Before we start, let’s see what lowest terms fractions are: lowest terms fractions are fractions that cannot be simplified further.
How do we find the lowest terms of a fraction? There are two methods:
- Method 1: Divide the numerator and denominator by a common factor between them until there are no more common factors. Let’s look at an example:
Let’s reduce the fraction 28/42. Both the numerator and denominator can be divided by 2. This would leave us at 14/21 and since 14 and 21 are multiples of 7, we can divide by 7. In dividing 14 and 21 by 7, we end up with 2/3, which is in the lowest terms since there is no longer a common factor between numerator and denominator.
- Method 2: Divide the numerator and denominator by the greatest common factor (GCF). Let’s see how we would reduce 90/120 with this method:
We calculate the greatest common factor between 90 and 120. As shown above, we take the common prime factors of 90 and 120 (including repeats), which are 2, 3 and 5, and multiply them: 2 x 3 x 5 = 30.
30 is the greatest common factor between 90 and 120. Therefore, we divide the numerator and denominator by 30. 90/120 written in lowest terms is 3/4.

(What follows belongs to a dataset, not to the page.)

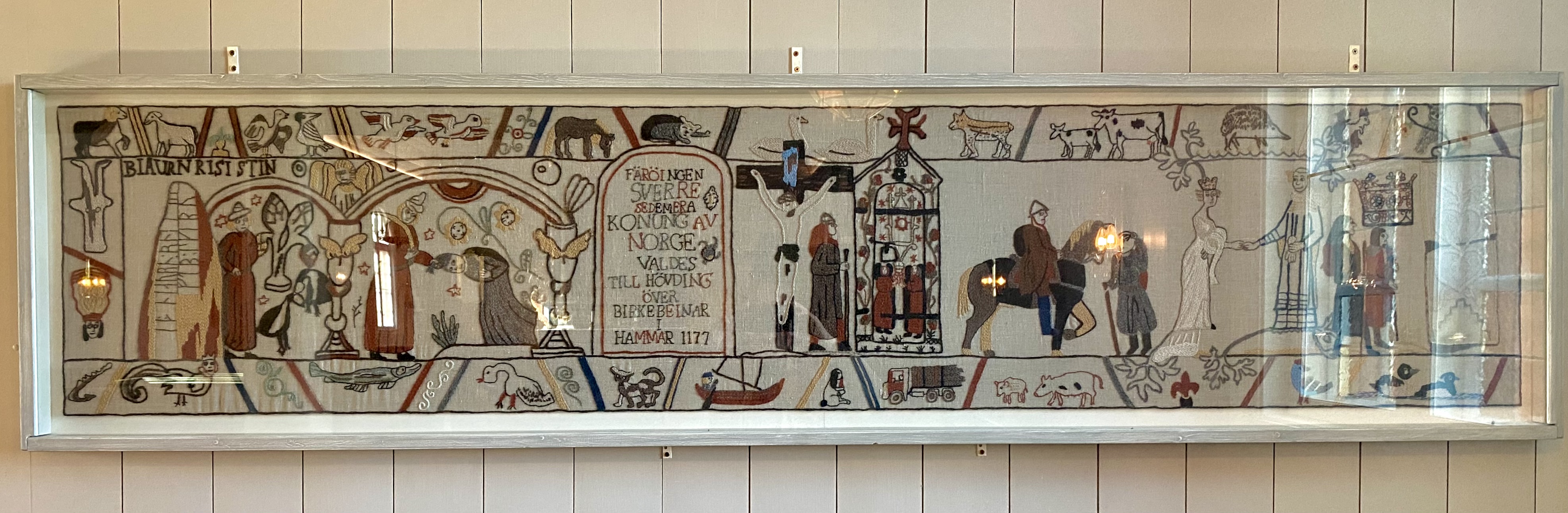 Det är faktiskt ganska vanligt att man i samband med ombyggnader och renoveringar av medeltida kyrkor hittar inmurade runstenar. Runstenar som visar asatron kan ha murats in för att motarbeta och ”förnedra” asatron. Denna gång har dock en kristen runsten med ett kors hittats i rasmassorna. Den korsristade stenen hittades vid schaktning i koret. Vi vet ju inte om runstenarna är samtida men den utvecklade ornamentiken på båda talar för samma runristare. I så fall har en kristen sten lagts som grund- och entrésten. De båda stenarna restes på sina nuvarande platser hösten 1938.

Let’s look at a trick to put fractions in lowest terms. As shown in the image below, we will break down both the numerator (90) and the denominator (120) into prime factors and write the fraction with all of the factors. Cross out the factors found both in the numerator and denominator, and multiply the factors that are not crossed out. In the end, we have 3/4, which is the same result obtained using method 2.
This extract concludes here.